We need to avoid duplicate violations. The authoritative source of
truth here is a unique index, because the presence or absence of a
conclusively-visible conflict tuple controls whether our insert fails
or succeeds respectively. We need a dirty snapshot to see tuples not
in our MVCC snapshot, since they need to be handled too. Otherwise,
when we fail to handle them, the MERGE's INSERT has a dup violation
(which is not what I want, for practical reasons).

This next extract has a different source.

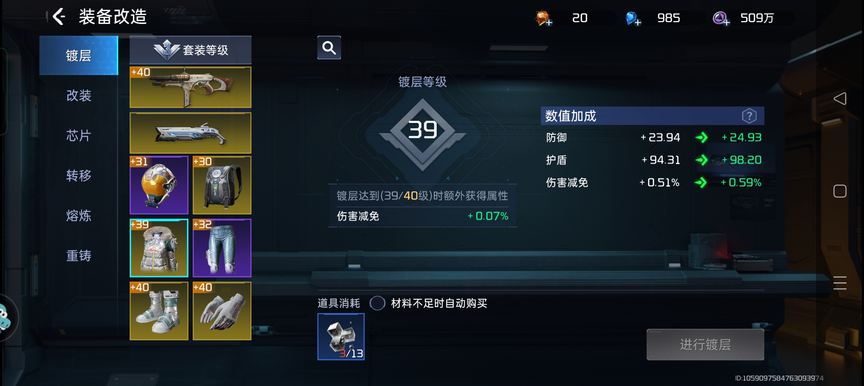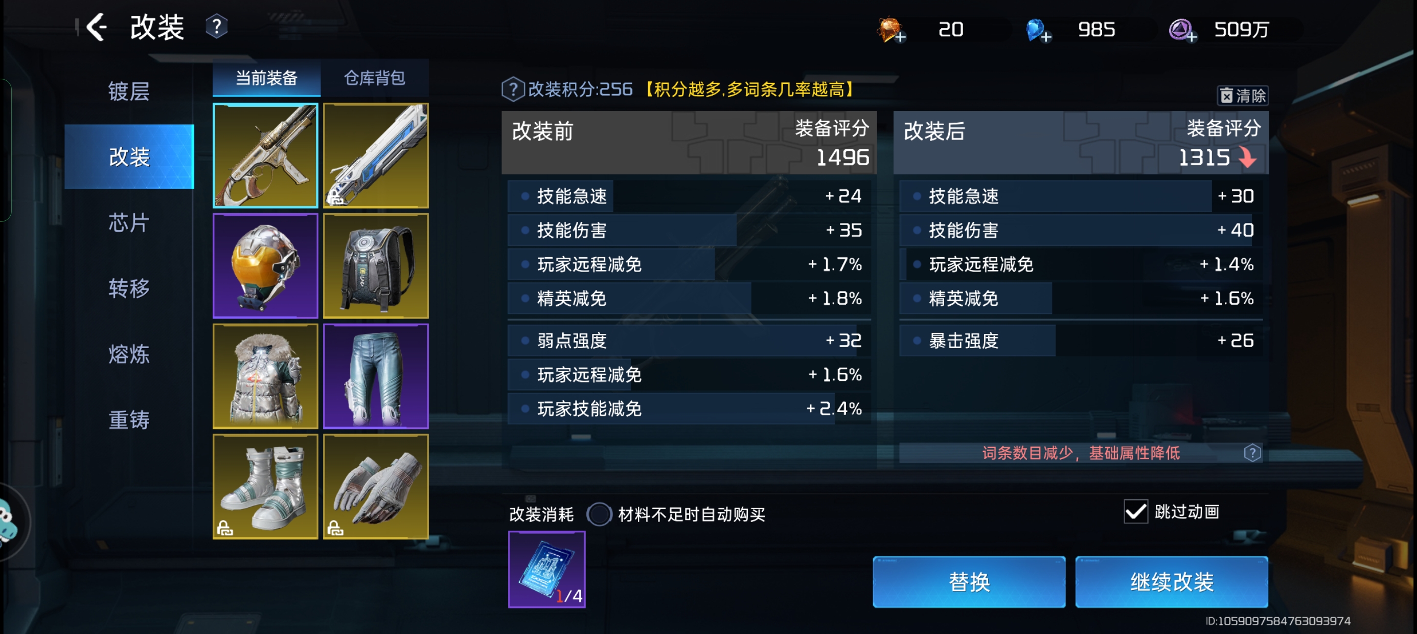 ⭐这里注意的是一定要【金色装备】才可以去改装,紫色装备改装后进阶金色原有改装就会消失。

If we're seq scanning a table, even with a dirty snapshot, there is no
authoritative source of truth. Heap tuples will be inserted
concurrently, and we'll have no idea what to do about it without
reference to a unique index as a choke point/single source of final
truth about what is and isn't going to be duplicated.

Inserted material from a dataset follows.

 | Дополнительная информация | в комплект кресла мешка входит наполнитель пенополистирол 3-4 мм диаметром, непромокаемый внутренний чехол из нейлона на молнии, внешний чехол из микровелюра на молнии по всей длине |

As implemented, my UPSERT patch will have UPSERTs not really use their
MVCC snapshot for simple cases, just like INSERTs in general. UPDATEs
always use their MVCC snapshot, as the ModifyTable node pulls up
tuples from an ordinary relation scan. UPSERT needs a DirtySnapshot
scan of the unique index to find duplicates, because that's always how
we find duplicates. At the same time, MERGE is not at liberty to not
work just because of the absence of a unique index (plus even row
locking must be prepared for conflicts). And since the MERGE is driven
by an outer join - *not* an INSERT-like search for duplicates - we'll
find ourselves providing one behavior when detecting one case, and
another when detecting the other, with subtle and confusing
differences between each case. If we "fake" an outer join by doing an
INSERT-like search for duplicates in a unique index (to make sure we
see duplicates), then we get into trouble elsewhere. Like, we cannot
let users not ask for an INSERT in their MERGE, because we'd be
conclusively deciding to *not* (say) UPDATE on the basis of the
absence of a value in a unique index, as opposed to the presence.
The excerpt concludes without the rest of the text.